By: centraljersey.com
This is the way it’s supposed to work.
The Board of Education and leaders of the education association agreed following a 10-hour session Sunday to "save" about 270 nonteaching jobs from being handed over to an independent contractor that would set its own salary scale and benefits.
In exchange, the school board gained health-care concessions that allows it to drop the $2.2 million privatization plan in the 2011-12 budget.
Immediately, association members will pay 1.5 percent of health care premiums. Starting in July, that will rise to 12 precent. The following year, they’ll pay 18 percent.

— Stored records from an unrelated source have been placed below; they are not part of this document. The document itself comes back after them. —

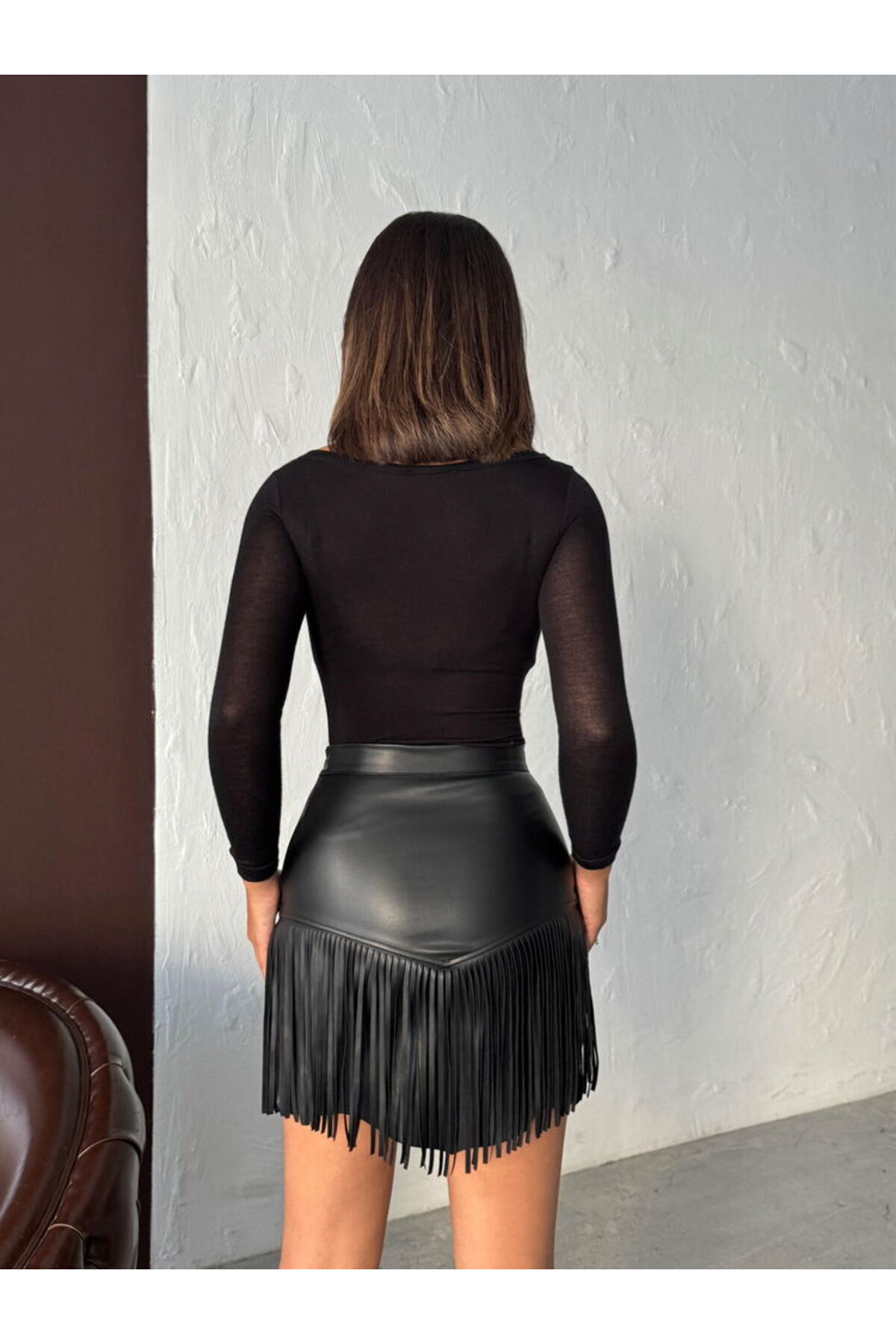 Siyah Western Tarz Püsküllü Mini Deri Etek Modern Premium Luxury Trend Tasarım Etek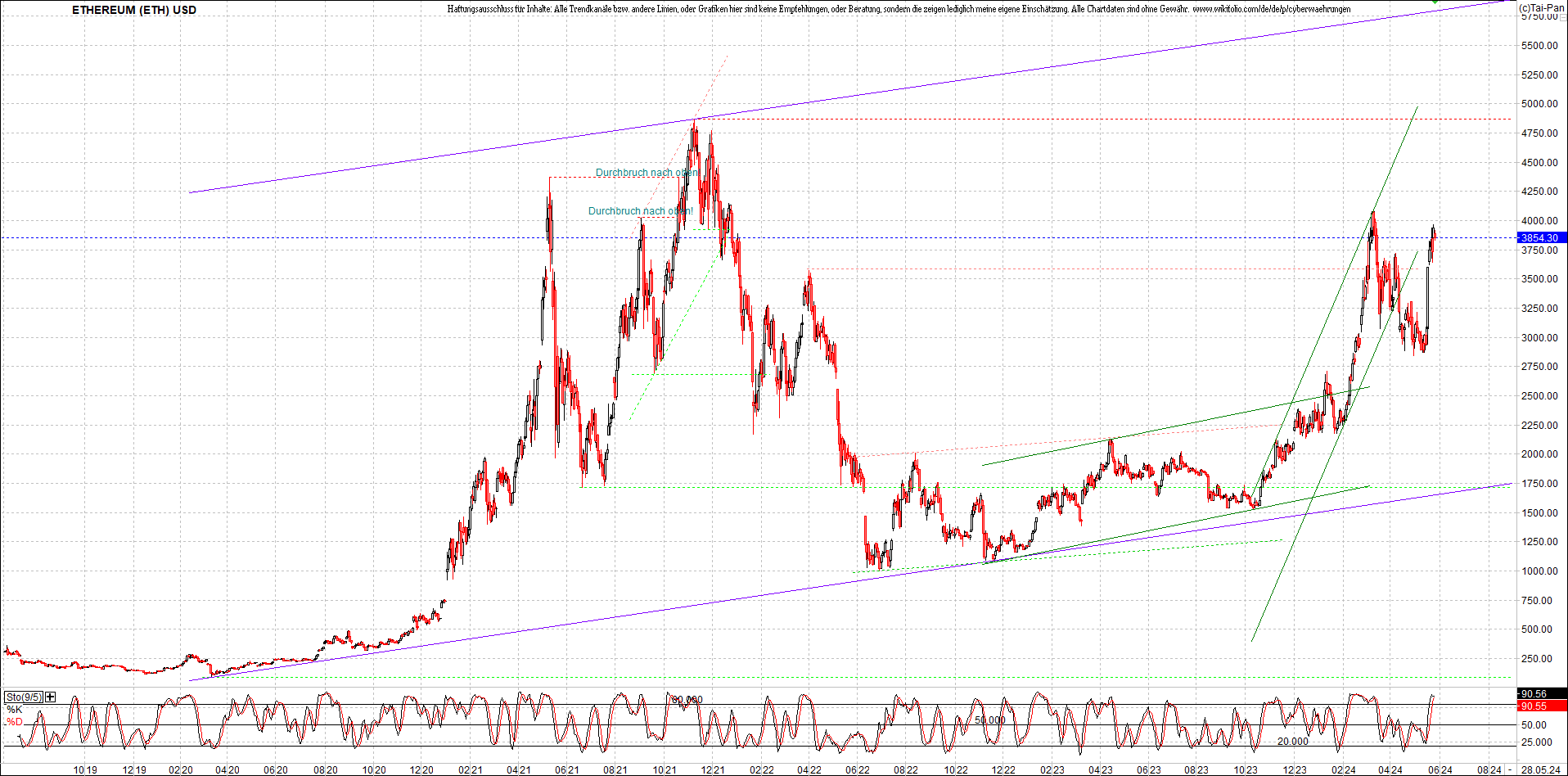 ETHEREUM Chart am Morgen, Oben Ethereumzertifikat.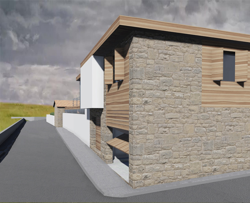Esta segunda residencia está destinada a una familia de artistas residentes en Madrid. El mantenimiento de las preexistencias el disfrute del espacio exterior y la privacidad son los ejes vertebradores del proyecto. Lo más destacado es el nexo de unión entre las dos construcciones. En este elemento apoyado en el muro exterior se dispone la cocina y generamos un patio a modo de comedor y sala exterior.

Gov. Christie is on record wanting teachers and other public sector employees to pay 30 percent of benefits by 2014. In today’s hypercharged environment, it’s possible the Legislature could vote for that.
For the next two years, the Hillsborough teachers avoided the possibility. And the board lost those potential savings if it did happen.
Both sides gave in order to gain. But they arrived at the decision after talking to each other with each side recognizing 2011’s economic realities.
The negotiation wasn’t acrimonious. It didn’t overreach and demand unreasonable concessions. Neither side came out "blaming" the other for hard times.
Somehow, in today’s pressure of out-of-balance budgets and ever-climbing tax rates, collective bargaining units have received the brunt of the blame for the woes we all face.
The last time we looked, there are two signatures on any contract. And it seems unfair points won in honest bargaining can simply be walked away from by saying "We’re broke."
Banks don’t like it when lenders do that. Guys don’t like when someone reneges on a handshake. Nobody should break the sanctity of a contract.
So, if one side is having a hard time living up to its end of the bargain, the two sides should talk. Usually, they’ll come to terms on a solution both sides can live with. That happened here.